Work instruction. In the records below, find the line with "Familias tareferas de" and the line with "新学期开始疫情尚未结束,学校". Print both exactly, along with every line between them, and no other line.
*** Dataset content ***
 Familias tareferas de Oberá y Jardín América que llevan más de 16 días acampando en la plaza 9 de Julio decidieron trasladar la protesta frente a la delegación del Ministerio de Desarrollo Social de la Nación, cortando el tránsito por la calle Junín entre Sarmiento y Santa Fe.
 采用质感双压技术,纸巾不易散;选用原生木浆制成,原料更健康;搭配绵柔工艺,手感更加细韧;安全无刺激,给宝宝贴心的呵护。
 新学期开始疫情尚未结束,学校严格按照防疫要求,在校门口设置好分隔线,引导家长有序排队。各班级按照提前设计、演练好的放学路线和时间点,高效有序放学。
*** End of Dataset content ***
*** Dataset content ***
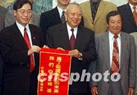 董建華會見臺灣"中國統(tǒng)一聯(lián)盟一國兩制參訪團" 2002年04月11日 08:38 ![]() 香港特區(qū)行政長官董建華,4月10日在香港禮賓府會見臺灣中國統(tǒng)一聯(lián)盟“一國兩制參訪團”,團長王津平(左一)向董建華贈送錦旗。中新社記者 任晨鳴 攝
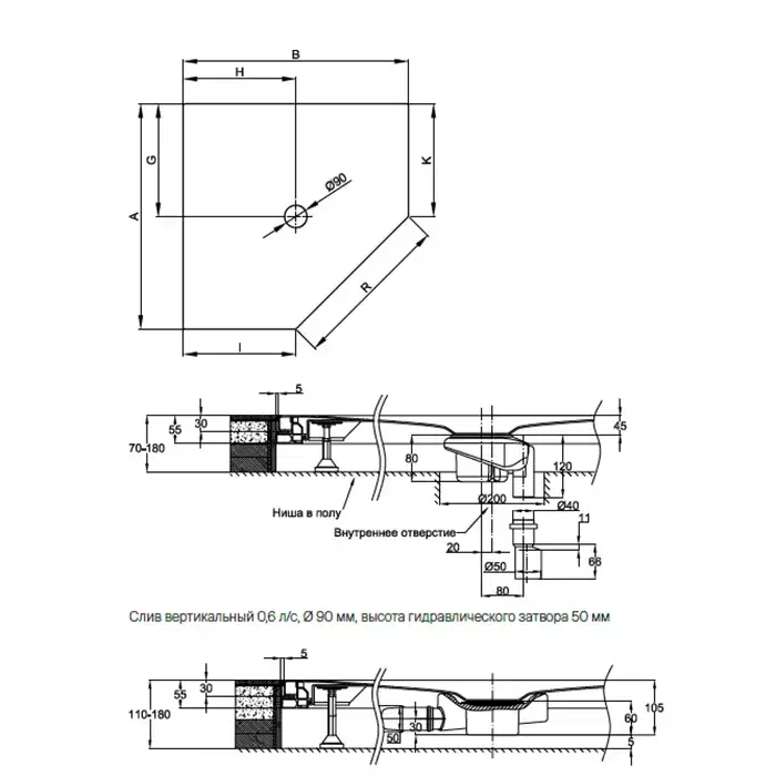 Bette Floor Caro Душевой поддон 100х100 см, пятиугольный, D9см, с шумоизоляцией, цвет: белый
*** End of Dataset content ***
Finished exercise.
 Familias tareferas de Oberá y Jardín América que llevan más de 16 días acampando en la plaza 9 de Julio decidieron trasladar la protesta frente a la delegación del Ministerio de Desarrollo Social de la Nación, cortando el tránsito por la calle Junín entre Sarmiento y Santa Fe.
 采用质感双压技术,纸巾不易散;选用原生木浆制成,原料更健康;搭配绵柔工艺,手感更加细韧;安全无刺激,给宝宝贴心的呵护。
 新学期开始疫情尚未结束,学校严格按照防疫要求,在校门口设置好分隔线,引导家长有序排队。各班级按照提前设计、演练好的放学路线和时间点,高效有序放学。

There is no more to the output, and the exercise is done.